Other middle-market investors seem to agree: In September, investment firms Trivest Partners and LP First Capital also combined to form collision repair company OpenRoad after acquiring four industry players – Car Crafters, Drury and Moss Body Shop, 1St Election collision and helot collision.
While there are certainly areas of resilience in the automotive sector, other recent industry deals have focused on finding opportunities within the challenges.
For example, in October, Credit Bureau Connection, backed by Capstreet, announced its investment in CreditDriver Solutions, which automates lead generation and consumer finance prequalification solutions for auto dealerships, further positioning Capstreet in a market increasingly demanding tools lowering the barriers for consumers to buy vehicles and for dealers to sell them.

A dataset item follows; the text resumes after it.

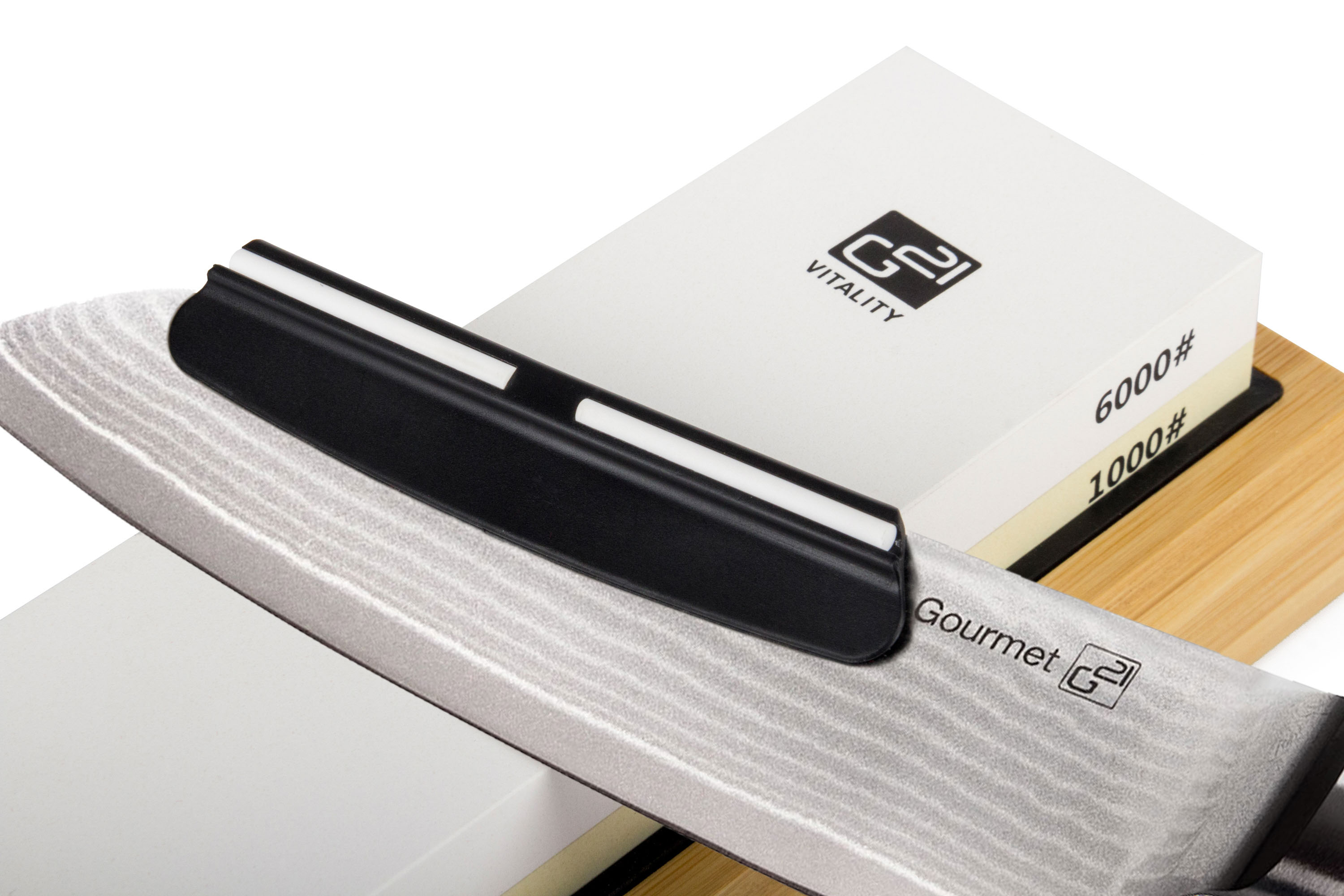 Věděli jste, že se nejčastěji při vaření pořežete tupým nožem? Dokonale ostrý nůž je v kuchyni polovina úspěchu. Proto jsme vám k sadě jako dárek přibalili oboustranný brusný kámen G21 se zrnitostí 1 000 / 6 000, který vám umožní dokonale nabrousit všechny druhy kuchyňských nožů, včetně damaškových. Brusný kámen G21 je určený pro broušení s vodou.

Recurring auto services continue to see heavy investment as investors seek recurring revenue models that are less vulnerable to economic headwinds.
Eagle Dealer Partner
Focused on growth
With many companies across the automotive industry facing an uncertain climate, it will be crucial for dealmakers to identify resilient targets that not only withstand short-term macroeconomic challenges, but also have the potential to lead the industry towards an inevitably disruptive trajectory, technology-oriented future.
For Eagle Merchant’s Taylor, the auto collision room does just that. “We believe that the adoption of advanced technology in automobiles is still in its infancy and will continue to increase rapidly in the future – which will only grow the collision repair market as the repair of parts increasingly complex and expensive,” he says. In addition, the further development of the industry will also open up further opportunities for automotive investors beyond accident repair. “The rapid growth of electric vehicles offers companies an opportunity to find niches that haven’t existed in the past, with a real first-mover advantage for those who can get in early.”
Dealmakers are already identifying these niches. For example, in May, Clearlake Capital Group acquired automotive aftermarket manufacturer BBB Industries. Experts say the aftermarket can be a solid investment given the uncertainty surrounding new vehicle sales, and BBB’s emphasis on electric vehicles and extending the life cycle of EV batteries also positions the business to benefit from the changes ahead across the industry benefit.
It’s this upcoming industry development that PNC’s Vanderpool is bullish about. Market segments such as battery life innovations and the development of improved vehicle safety show promise, he says, and these innovators will need capital and infrastructure to support their efforts.
“While there are challenges, there aren’t all downsides,” he says. “There are many opportunities out there. There’s some amazing technology coming out.”